W dalszej części poruszany był temat: dlaczego kobiet jest za mało w mediach, polityce, rządzie? Na szczególną uwagę zasłużył panel, w którym gośćmi byli Krystyna Kofta pisarka, Paulina Młynarska, dziennikarka, pisarka, producentka, prezydent Słupska Robert Biedroń oraz naczelny Newsweeka Tomasz Lis.
Kolejny blok tematyczny dotyczył alimentów. Dlaczego pokrzywdzone kobiety muszą walczyć o swoje. Czym kierują się urzędnicy, prokuratorzy i komornicy, nie wspierając kobiet i ich dzieci. Przecież dobro dziecka stawiamy ponad wszystko. Okazuje się, że zaległości alimentacyjne są wysokie, a fundusz zbyt niski.

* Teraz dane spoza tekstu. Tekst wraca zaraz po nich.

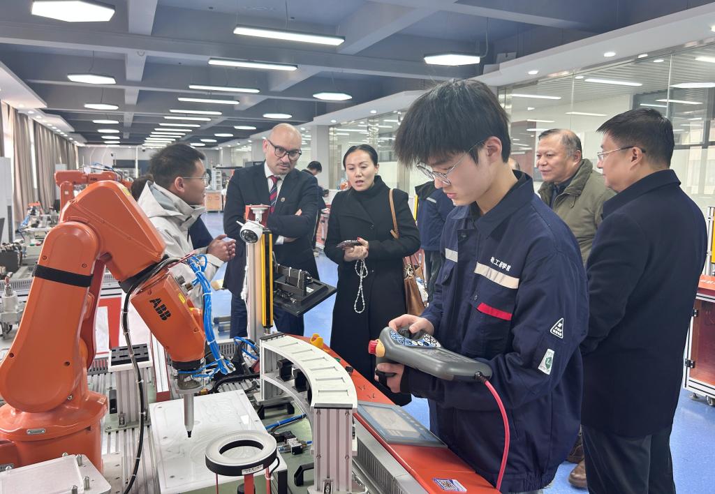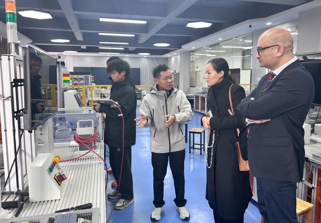 在郭沙等陪同下,来宾实地参观了beat365官网比亚迪产业学院、工业机器人实训基地、智能机器人成果展厅以及学生宿舍等。先进的实训设备、丰硕的技术创新成果以及整洁温馨的校园环境给来宾留下了深刻印象。在参观过程中,匈方嘉宾格外关注人才培养模式与未来就业渠道,与师生亲切交流。在产业学院与实训基地,学生们进行了操作演示,其娴熟的技能赢得了来宾们的赞赏。
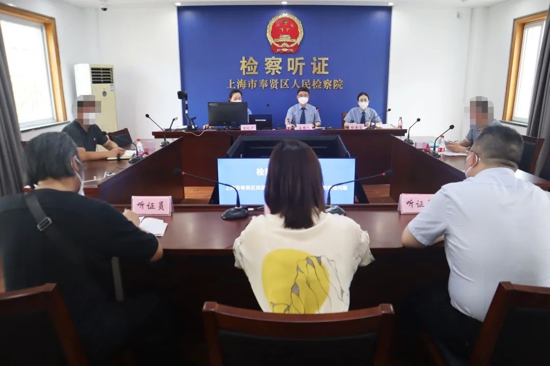 聚焦案件根源,锁定土地资源行政监管主体,为厘清行政职能部门与属地政府在耕地资源保护利用问题上的行政监管职责权限,明确各行政机关对涉案问题的履职情况,2022年6月22日,奉贤区检察院召开公开听证,“益心为公”检察云平台志愿者何洁等两名志愿者和一位人民监督员共同担任听证员。

Panele w dniu dzisiejszym były ciekawe i wyczerpujące. Niestety zabrakło tematów dotyczących przemocy i panelu moderowanego przez prezydentową Jolantę Kwaśniewską. To już trzeci kongres bez jej obecności. Wielka szkoda, bo potrafiła wytworzyć niepowtarzalną atmosferę…
Tegoroczne hasło brzmi „ Jak nie my, to kto? Jak nie teraz, to kiedy? Czyżby kobiety sympatyzujące z Kongresem Kobiet brały sprawy w swoje ręce?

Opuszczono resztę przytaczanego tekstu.